AAPI Heritage Month Spotlight: Wear Yellow Proudly Co-Founder Helen Huang on Creating a Space for Herself

By AGMA Soloist Helen Huang

I moved from Beijing to the United States when I was 12, which meant I was split across two countries, and for a long time, I felt like I belonged fully to neither.

In China, I was just a person growing up, figuring things out.
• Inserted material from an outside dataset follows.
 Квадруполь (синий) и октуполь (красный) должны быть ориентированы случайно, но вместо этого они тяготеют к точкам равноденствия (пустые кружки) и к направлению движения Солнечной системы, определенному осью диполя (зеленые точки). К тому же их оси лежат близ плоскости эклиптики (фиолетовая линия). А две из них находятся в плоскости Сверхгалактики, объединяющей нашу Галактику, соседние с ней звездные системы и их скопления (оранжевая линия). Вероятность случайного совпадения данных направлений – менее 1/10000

In the U.S., I became ‘Asian.’ I quickly learned that being Asian–especially being an Asian woman–came with a set of expectations, a checkbox someone had already built for you before you walked in the room. But the box was never the same box twice. The Chinese moms in Virginia expected me to be a certain kind of Chinese, while my white American teachers expected something else entirely. Everyone had a different version of me they needed me to be, and none of those versions were quite mine. I never fit any single box. I was too American for some, not American enough for others. Too Chinese in one room, not Chinese enough in another.

Unfortunately, the classical music world–the world I had chosen, the world that had chosen me–-had its own expectation boxes too. There is a particular kind of scrutiny that follows an Asian woman onto the operatic stage. People have assumptions about what you are there to do, what you are capable of, and what stories you are allowed to tell.

For years, I carried that feeling of being stuck in the middle, knowing that other people were constantly trying to locate me, to place me, when all I wanted was to simply be myself.

What changed things for me was finding my own way to tell stories on my own terms. During the pandemic, my co-founder, Alice Chung, and I founded Wear Yellow Proudly (WYP) to share the many and diverse Asian cultures, narratives, and experiences through music. We began building recital programs that didn’t ask me to choose, programs that held the full complexity of who I am. For the first time, I was telling my own stories, creating on my own terms, and hopefully, opening that same door for other Asian artists.

I know the feeling of being stuck in between will never fully go away. I know there will always be someone trying to place me, to fit me into a box. But now through WYP, I know I can be who I am and express my truth through my music, without waiting for anyone’s permission. And I hope it will also give many other Asian artists in America the opportunity to be fully, stubbornly themselves.